World cup 2014

Fifa World Cup 2014

Tears of joy as Algeria end 32-year wait for World Cup win

'Desert Foxes' make African World Cup history with four-goal rout of South Korea

PUBLISHED : Monday, 23 June, 2014, 5:04am
UPDATED : Monday, 23 June, 2014, 10:35am

Algeria coach Vahid Halilhodzic told his players before Sunday’s clash with South Korea that now was not the time to start crying with yet another first round knock-out a depressing possibility after an opening loss to Belgium.

I dedicate this victory to all the Algerian supporters who have waited for this for 32 years
Vahid Halilhodzic

There were tears, all right, on an idyllic sunny afternoon in Porto Alegre, but of joy after a pulsating “heroic” 4-2 win over the 2002 semi-finalists pushed the North Africans to the brink of an historic passage to the second round.

The "Desert Foxes" were celebrating their first World Cup win since beating Chile in the 1982 finals shortly after a remarkable victory over football superpower, the former West Germany.

And their canny Bosnian-born coach remarked: “I dedicate this victory to all the Algerian supporters who have waited for this for 32 years.

“This was a victory for pride. Now we play a third match, a play-off against Russia and anything is possible.”

WATCH: Slimani puts Algeria 1-0 up

The Koreans were trailing by three goals by the time they sought refuge in the dressing room at the interval as a slick quick intelligent Algeria had them rattled with goals from man-of-the-match Islam Slimani, Raficki Halliche and Abdelmoumene Djabou.

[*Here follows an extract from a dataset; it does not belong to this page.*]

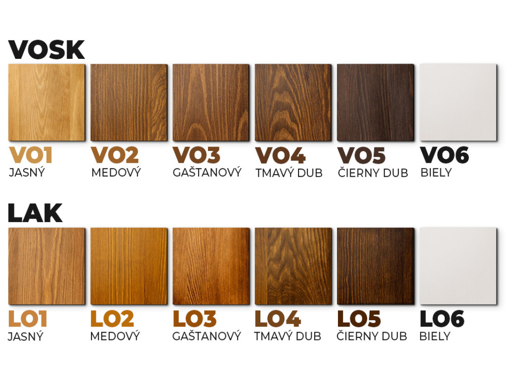 Povrchovú úpravu stola si môžete zvoliť podľa vlastných predstáv. Na výber máte nielen množstvo farieb, ale môžete si vybrať aj úpravu vosk alebo lak. Prekrytie povrchu ekologickým lakom dodatočne chráni pred mechanickým poškodením. Kresba dreva je plne zachovaná.

In the second half, goals from Korea’s Song Heung-min and Koo Ja-cheol sandwiched Algeria’s fourth from Yacine Brahimi.

Algeria are the first side from Africa to rack up that number of goals in a World Cup match.

Slimani was one of five changes from the opening line-up, with Halilhodzic observing: “This was a well-prepared tactic, we closely analysed the Korean way of play.

“With some new fresh players we put in place a format that could trouble Korea. And the players followed my instructions to the letter.

“In the first half we were great in every area. In the second, we let up a little against a well-organised rival, there were a couple of hot moments in defence but we were prepared for that.”

WATCH: Algeria make it 2-0

This outcome, as spectacular as it was unexpected, sees Algeria go into their group H closer on three points as opposed to Russia’s one point, with Korea, also stuck on one point, facing already qualified Belgium.

Somewhat disingenuously perhaps Halilhodzic suggested it was Fabio Capello’s Russians rather than Algeria that were in pole to qualify.

“Russia are favourites, but we can't hide. We have to go in search of this qualification with even more audacity and suffering.”

That game is on Thursday in Curitiba.

WATCH: Algeria's third from Djabou

At precisely the same time over in Sao Paulo, Korea will try to upset Belgium. The two closing group games are synchronised for identical kick-offs as a direct result of the plight suffered by Algeria in 1982.

Despite beating the Germans and Chile they failed to qualify as Austria and Germany went into their final game knowing the outcome of Algeria’s game and orchestrated a cynical 1-0 win for the Germans which put both of them in the next round and earned the game the title the ‘Non-Aggression Pact of Gijon’.

South Korea coach Hong Myung-bo held his hands up after the loss, blaming an error in strategy on the defeat that leaves their hopes looking slim.

Hong is an iconic figure in Seoul after captaining the side that made it into the last four when the World Cup was co-hosted by the Koreans 12 years ago.

He will now have to call on all his footballing acumen to mastermind an upset of Belgium.

“We studied their style of playing but the result suggests it wasn’t ideal,” Hong said. “The result is sufficiently eloquent, our strategy wasn’t the right one. As we let in a lot of goals there was an error in our approach.”

He also took aim, as Algeria did so effectively in the first half when they were up 3-0, at his defenders.

“I would have preferred the defenders to have been more stable. The results show that they haven’t concentrated enough.”

This is the Koreans’ eighth successive World Cup but they have only managed to make the second round twice in that run, in 2002 and in 2010 when they lost to Uruguay in the last 16.